::: SUPPLIED RECORDS :::

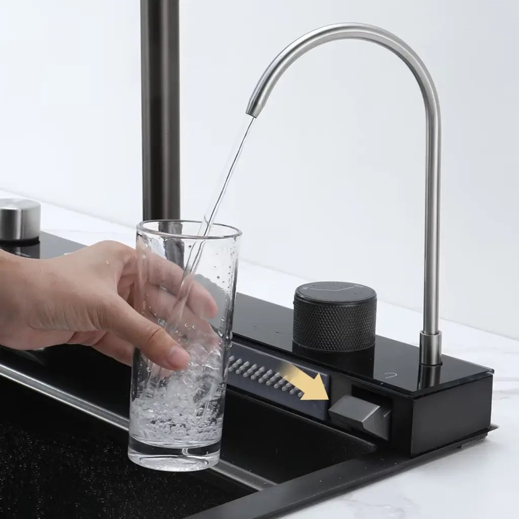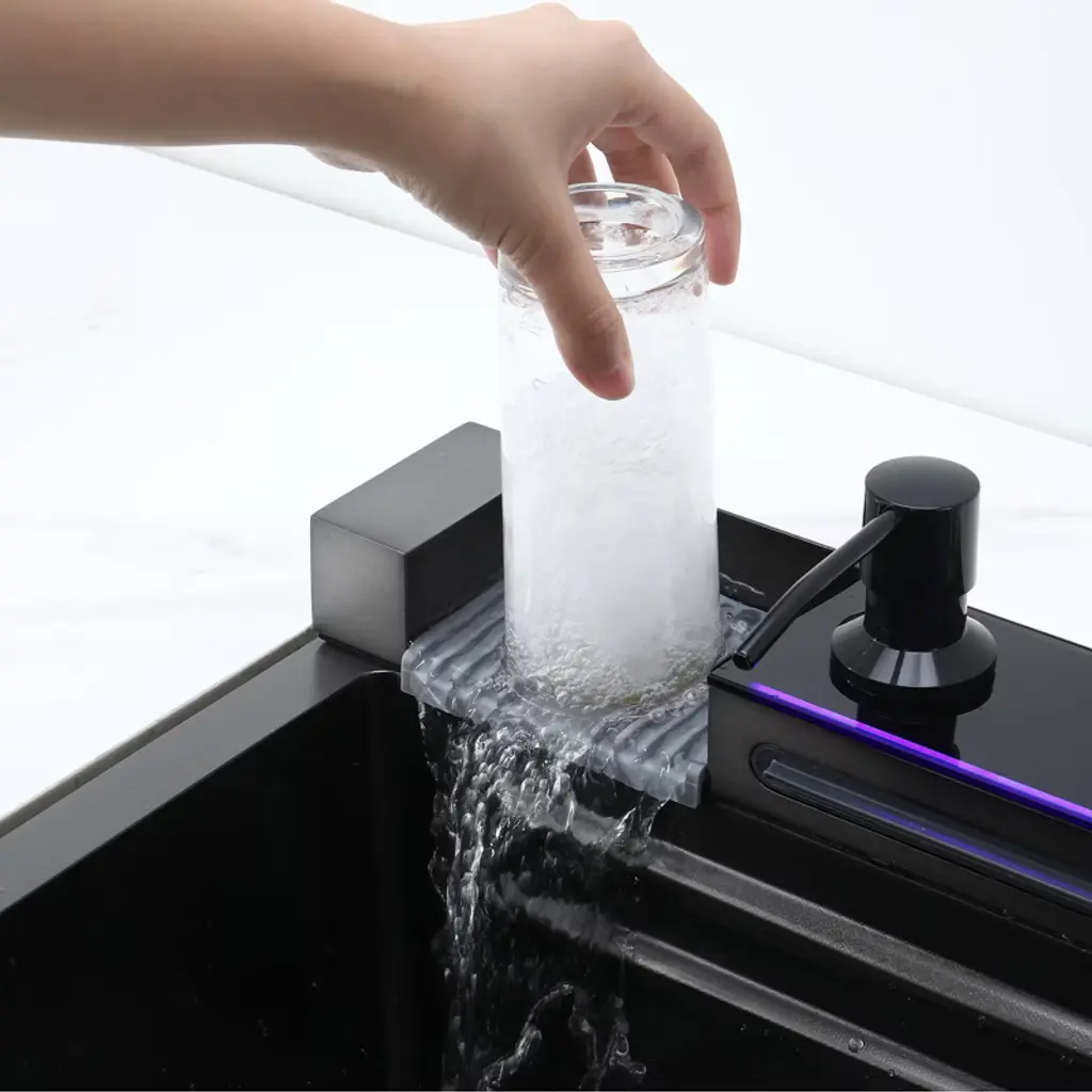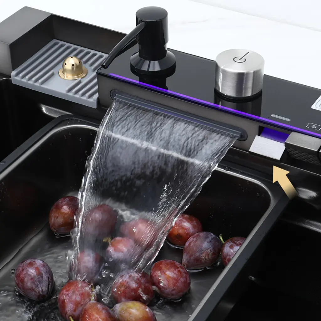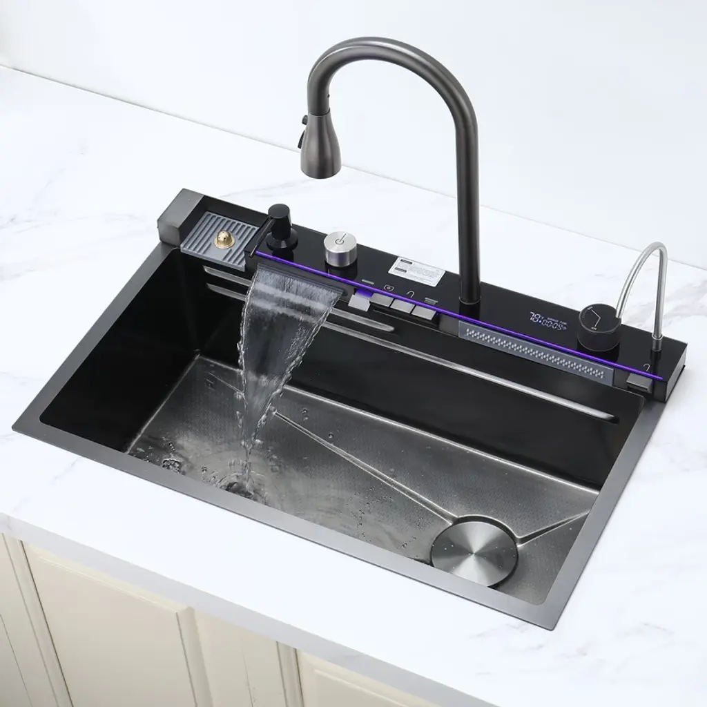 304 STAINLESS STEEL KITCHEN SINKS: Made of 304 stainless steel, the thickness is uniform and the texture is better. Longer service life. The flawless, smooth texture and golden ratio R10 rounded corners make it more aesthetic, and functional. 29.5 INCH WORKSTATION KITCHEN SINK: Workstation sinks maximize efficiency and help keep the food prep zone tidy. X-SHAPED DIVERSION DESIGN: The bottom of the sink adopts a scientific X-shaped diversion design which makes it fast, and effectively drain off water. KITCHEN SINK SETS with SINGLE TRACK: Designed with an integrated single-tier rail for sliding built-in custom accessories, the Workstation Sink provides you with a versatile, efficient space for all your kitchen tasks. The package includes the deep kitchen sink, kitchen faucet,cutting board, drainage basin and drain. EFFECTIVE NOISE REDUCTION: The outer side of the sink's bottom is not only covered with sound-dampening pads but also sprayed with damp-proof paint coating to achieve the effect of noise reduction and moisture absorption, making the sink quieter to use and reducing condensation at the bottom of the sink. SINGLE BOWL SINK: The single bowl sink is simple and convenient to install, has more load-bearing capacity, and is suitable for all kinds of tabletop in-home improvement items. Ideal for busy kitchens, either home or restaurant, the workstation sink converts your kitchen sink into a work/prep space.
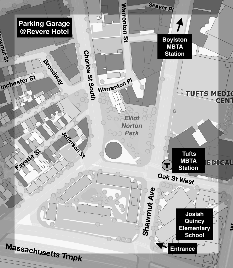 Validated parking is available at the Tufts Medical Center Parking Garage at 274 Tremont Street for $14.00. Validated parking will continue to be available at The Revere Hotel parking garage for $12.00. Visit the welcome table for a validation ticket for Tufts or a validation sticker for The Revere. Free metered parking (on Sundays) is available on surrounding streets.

:::
::: SUPPLIED RECORDS :::

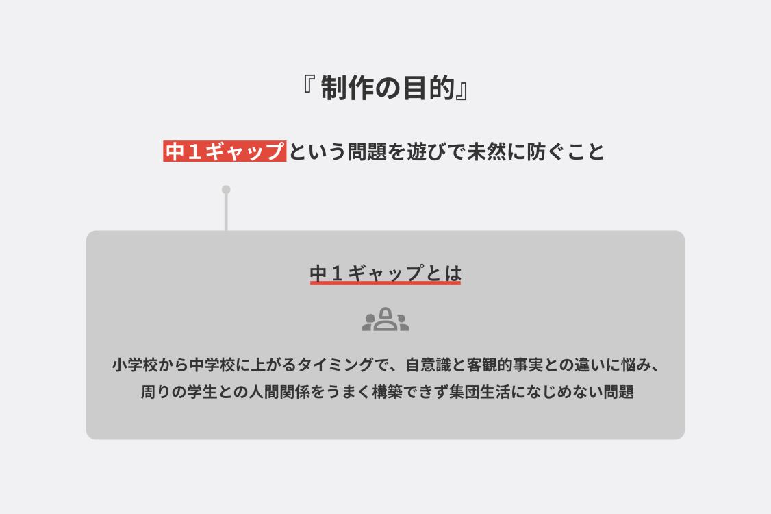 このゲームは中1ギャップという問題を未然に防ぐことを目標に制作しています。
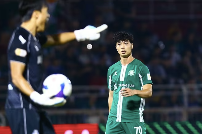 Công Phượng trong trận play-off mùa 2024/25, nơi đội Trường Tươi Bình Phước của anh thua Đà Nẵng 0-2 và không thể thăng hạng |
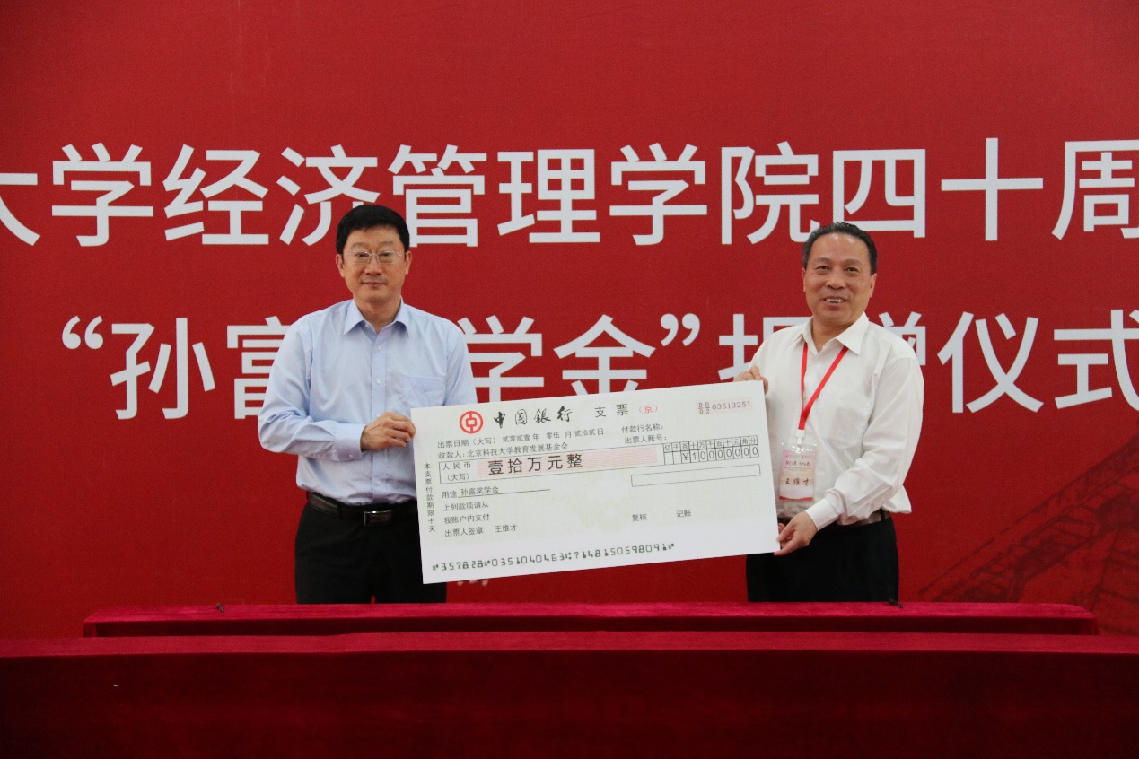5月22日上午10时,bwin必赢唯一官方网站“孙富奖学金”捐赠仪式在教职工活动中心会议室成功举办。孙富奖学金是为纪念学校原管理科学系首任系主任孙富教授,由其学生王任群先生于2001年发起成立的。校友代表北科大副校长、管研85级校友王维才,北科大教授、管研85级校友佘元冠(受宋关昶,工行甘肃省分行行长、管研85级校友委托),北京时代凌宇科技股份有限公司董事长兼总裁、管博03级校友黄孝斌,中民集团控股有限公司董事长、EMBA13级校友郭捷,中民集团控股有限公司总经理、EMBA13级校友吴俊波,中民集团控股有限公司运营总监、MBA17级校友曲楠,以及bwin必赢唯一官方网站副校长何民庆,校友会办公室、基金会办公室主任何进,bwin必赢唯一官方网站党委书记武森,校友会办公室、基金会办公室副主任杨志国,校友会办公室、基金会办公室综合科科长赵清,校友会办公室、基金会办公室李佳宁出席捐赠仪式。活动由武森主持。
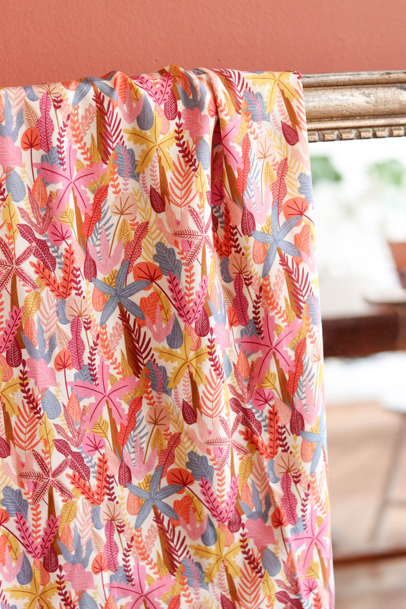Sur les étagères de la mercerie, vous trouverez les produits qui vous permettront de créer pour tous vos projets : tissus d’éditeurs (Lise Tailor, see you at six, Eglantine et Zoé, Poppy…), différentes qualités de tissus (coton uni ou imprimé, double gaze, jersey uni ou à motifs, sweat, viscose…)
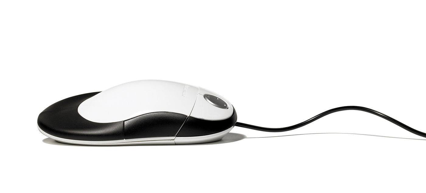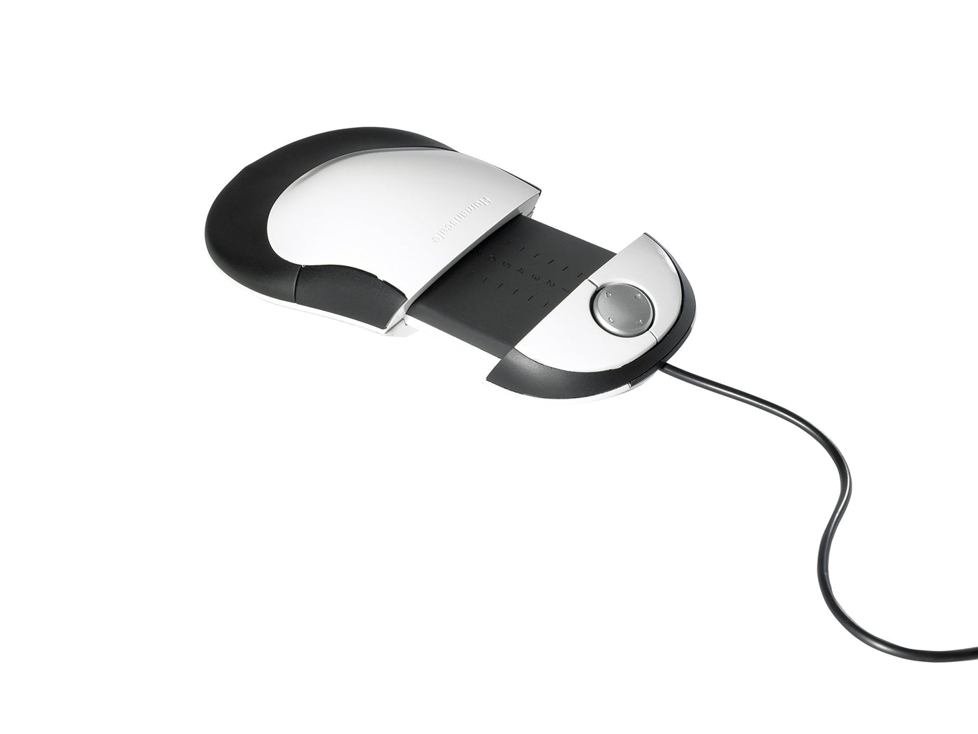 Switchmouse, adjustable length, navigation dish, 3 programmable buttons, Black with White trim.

:::
::: SUPPLIED RECORDS :::

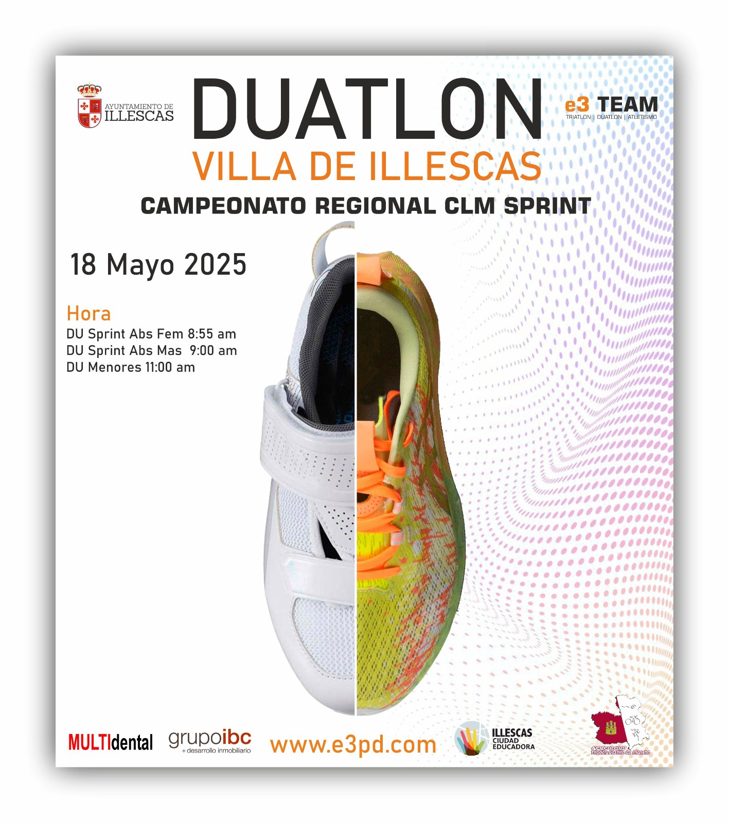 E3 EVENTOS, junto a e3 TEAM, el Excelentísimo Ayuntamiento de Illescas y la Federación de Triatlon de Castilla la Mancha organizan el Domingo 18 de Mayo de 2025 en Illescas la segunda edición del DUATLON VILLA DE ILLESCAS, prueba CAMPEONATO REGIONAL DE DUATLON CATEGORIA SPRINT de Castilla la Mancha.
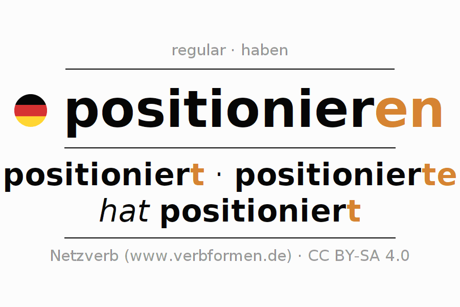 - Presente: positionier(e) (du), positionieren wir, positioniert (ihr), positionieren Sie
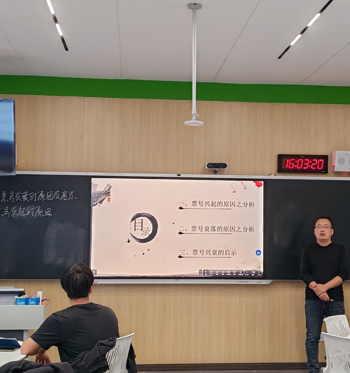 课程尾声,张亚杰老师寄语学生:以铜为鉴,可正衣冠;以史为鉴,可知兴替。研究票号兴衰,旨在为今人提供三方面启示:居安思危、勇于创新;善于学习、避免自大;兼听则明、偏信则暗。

:::

For the material above, give again only the lines starting at the line that contains "304 STAINLESS STEEL KITCHEN" and ending at the line that contains "Validated parking is". Pictures do not belong in the copy.

§ OUTPUT
 304 STAINLESS STEEL KITCHEN SINKS: Made of 304 stainless steel, the thickness is uniform and the texture is better. Longer service life. The flawless, smooth texture and golden ratio R10 rounded corners make it more aesthetic, and functional. 29.5 INCH WORKSTATION KITCHEN SINK: Workstation sinks maximize efficiency and help keep the food prep zone tidy. X-SHAPED DIVERSION DESIGN: The bottom of the sink adopts a scientific X-shaped diversion design which makes it fast, and effectively drain off water. KITCHEN SINK SETS with SINGLE TRACK: Designed with an integrated single-tier rail for sliding built-in custom accessories, the Workstation Sink provides you with a versatile, efficient space for all your kitchen tasks. The package includes the deep kitchen sink, kitchen faucet,cutting board, drainage basin and drain. EFFECTIVE NOISE REDUCTION: The outer side of the sink's bottom is not only covered with sound-dampening pads but also sprayed with damp-proof paint coating to achieve the effect of noise reduction and moisture absorption, making the sink quieter to use and reducing condensation at the bottom of the sink. SINGLE BOWL SINK: The single bowl sink is simple and convenient to install, has more load-bearing capacity, and is suitable for all kinds of tabletop in-home improvement items. Ideal for busy kitchens, either home or restaurant, the workstation sink converts your kitchen sink into a work/prep space.
 Validated parking is available at the Tufts Medical Center Parking Garage at 274 Tremont Street for $14.00. Validated parking will continue to be available at The Revere Hotel parking garage for $12.00. Visit the welcome table for a validation ticket for Tufts or a validation sticker for The Revere. Free metered parking (on Sundays) is available on surrounding streets.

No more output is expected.